Guide

LLM agentic chunking explained

Harbor Legal's employee handbook RAG index held 1,240 pages of policies, benefits tables, and jurisdiction-specific addenda. Engineers used fixed 512-token windows with 64-token overlap — the standard recipe from most vector DB tutorials. Retrieval recall looked fine on keyword probes, but wrong-section answers hit 29% on a 180-question golden set: a chunk about “parental leave in California” often started mid-sentence with “except as noted in Section 4.2” while the actual exception lived in the previous chunk. Embeddings could not fix boundaries that split atomic policy statements in half.

The team replaced blind token splitting with agentic chunking: a small LLM reads each document section, proposes self-contained proposition chunks (one claim or rule per unit), and a validator agent rejects overlaps that break referential integrity. Wrong-section retrieval fell to 7%; answer faithfulness on the same holdout rose from 71% to 86%. This guide covers the agentic chunking pipeline, proposition extraction prompts, boundary validation, overlap policy, the Harbor Legal refactor, a technique decision table versus fixed and semantic chunking and parent-child indexes, pitfalls, and a production checklist.

What agentic chunking changes in the ingest stack

Traditional chunking is a deterministic function of tokens or characters. Agentic chunking inserts an LLM boundary agent between parsed text and the embedding step:

  1. Structure parse — headings, lists, tables, and footnotes from layout-aware extraction (see document ingestion).
  2. Section scoping — feed one logical section (e.g. H2 subtree) per agent call; never whole PDFs in one prompt.
  3. Proposition emit — model outputs JSON array of chunks, each with text, summary title, and dependency hints (“requires Section 4.2”).
  4. Validator pass — second prompt or rule engine rejects chunks that start with dangling pronouns, split conditionals, or orphan table rows.
  5. Overlap stitch — optional 1–2 sentence bridge copied from adjacent chunks when cross-references demand it.
  6. Embed + index — same bi-encoder pipeline as any RAG stack; chunk quality is upstream.

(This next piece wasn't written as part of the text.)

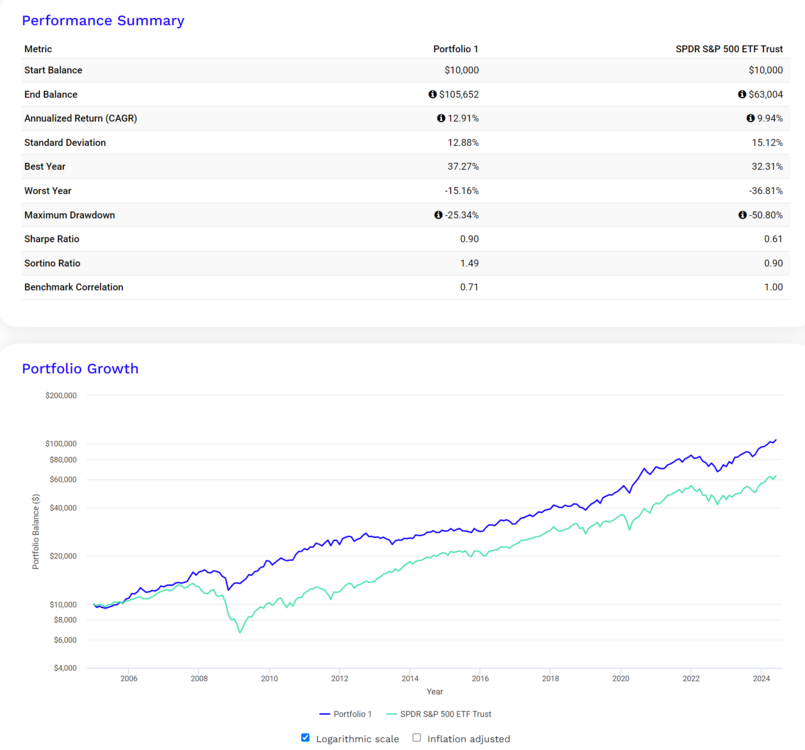 Collinz August 13, 2024 Als Erklärung: Ich habe die Strategien gestartet und solange laufen lassen bis es negative Aspekte gab, die aus meiner Sicht eine Optimierung erforderten. Daraufhin musste das Thema geändert werden, d.h. ein neues wikifolio wurde eröffnet. Im Jahr 2023 wurden +44% erzielt, mir persönlich ist jedoch mittlerweile weniger Drawdown in defensiven Branchen lieber, deshalb besteht das wikifolio nun aus: 25% World Health Care 25% World Consumer Staples 50% Gold Die beiden Anteile 50% defensive Aktien und 50% Gold gleichen sich sehr gut aus im Backtest seit 1999. Im Durchschnitt kann man damit ca. 11% p.a. bei einem geringen Drawdown erwarten. Mir persönlich bringt es nichts mehr wenn man mit Tech hoch steigt, dann aber langfristig sowieso auf die ca. 11% p.a. zurückfällt. Der S&P 500 entwickelt regelmäßig Blasen, die dann mit einem erhöhten Drawdown abgebaut werden. Diesen Beitrag teilen Link zum Beitrag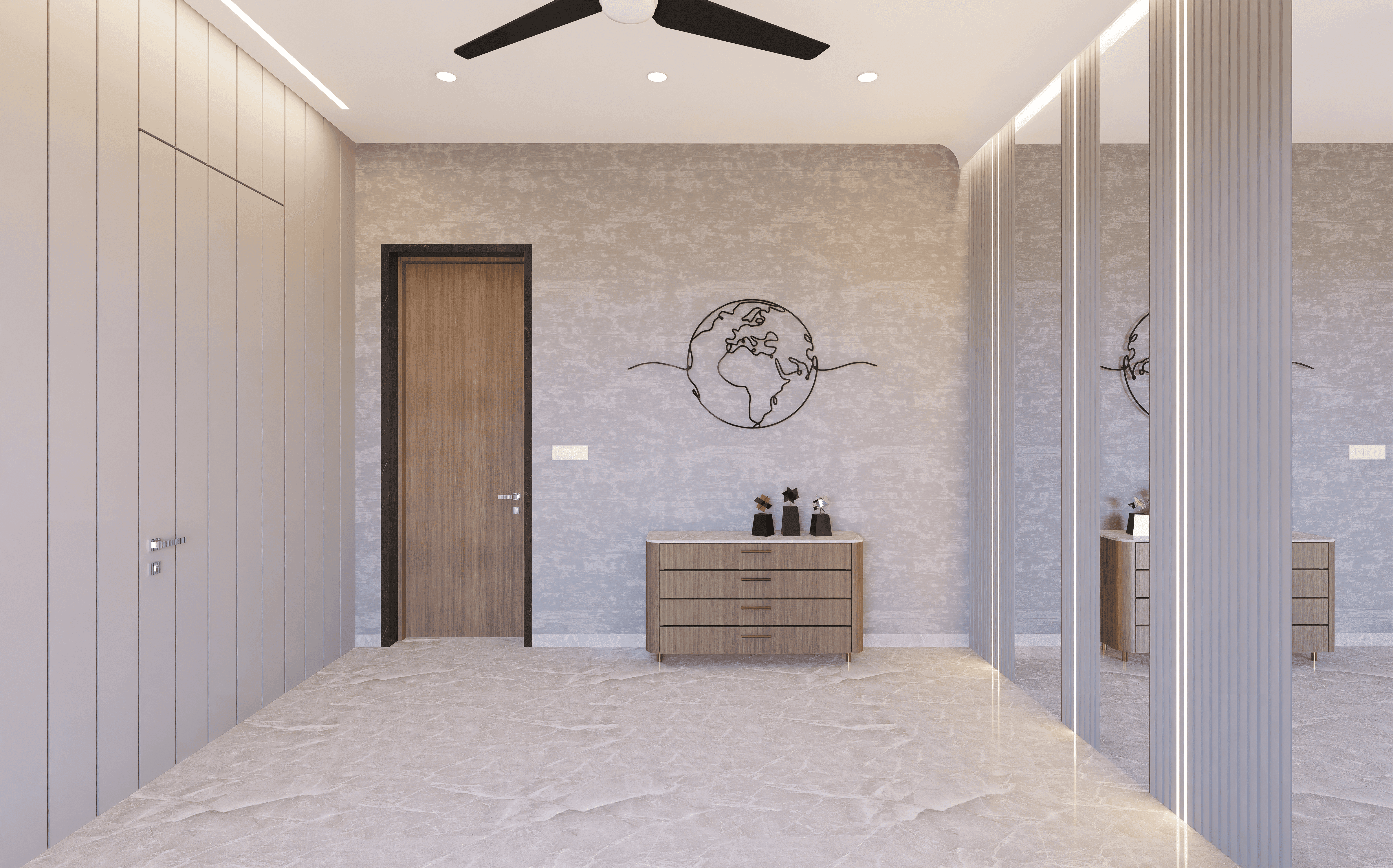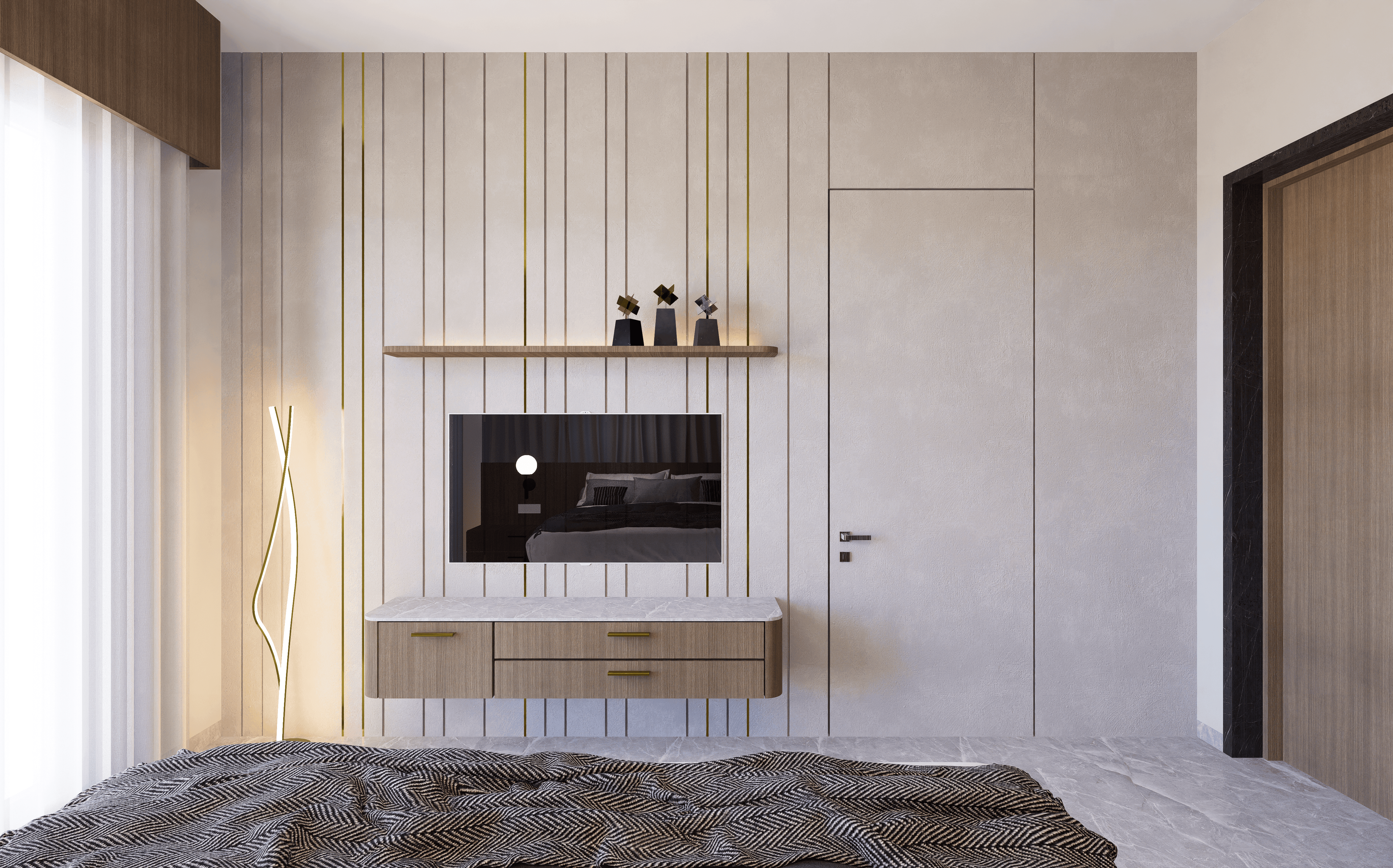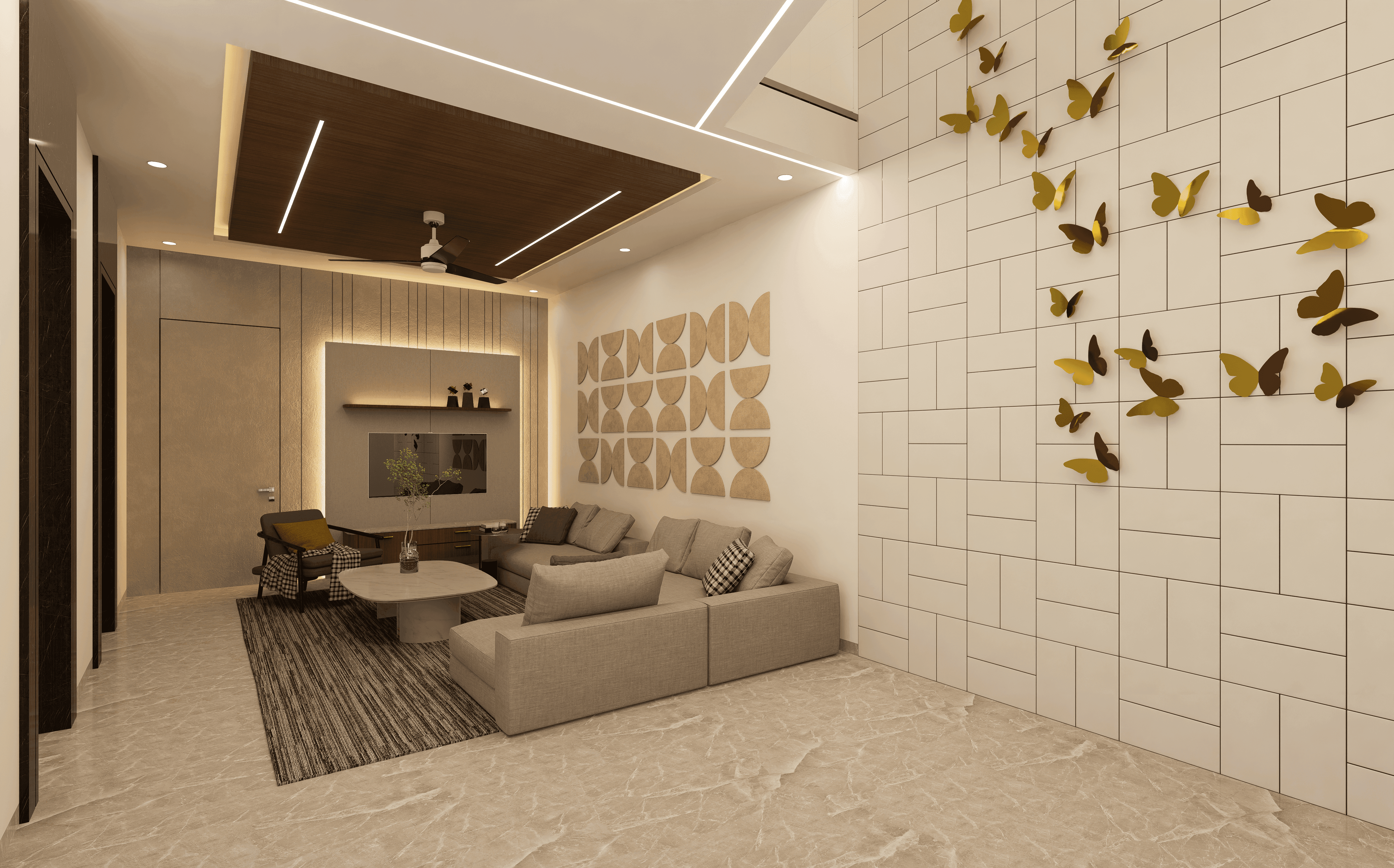 The living space exudes warmth with neutral tones, geometric wall art, and gold butterfly accents adding a dynamic visual. Sleek wardrobes, floating shelves, and contemporary furniture provide seamless storage and enhance space efficiency.

The agent does not retrieve at query time. It runs once per document version during ingest (or on incremental index updates), which makes cost predictable if you batch by section.

Proposition chunks vs token windows

A proposition chunk is the smallest text unit that can answer one factual question without external context. Examples from Harbor Legal:

  • Good: “California employees accrue 12 weeks parental leave per birth or adoption, paid at 60% base salary after a 7-day waiting period.”
  • Bad (split mid-rule): “California employees accrue 12 weeks parental leave per birth or adoption, paid at 60% base salary [chunk ends] after a 7-day waiting period unless the employee is part-time as defined in Section 4.2.”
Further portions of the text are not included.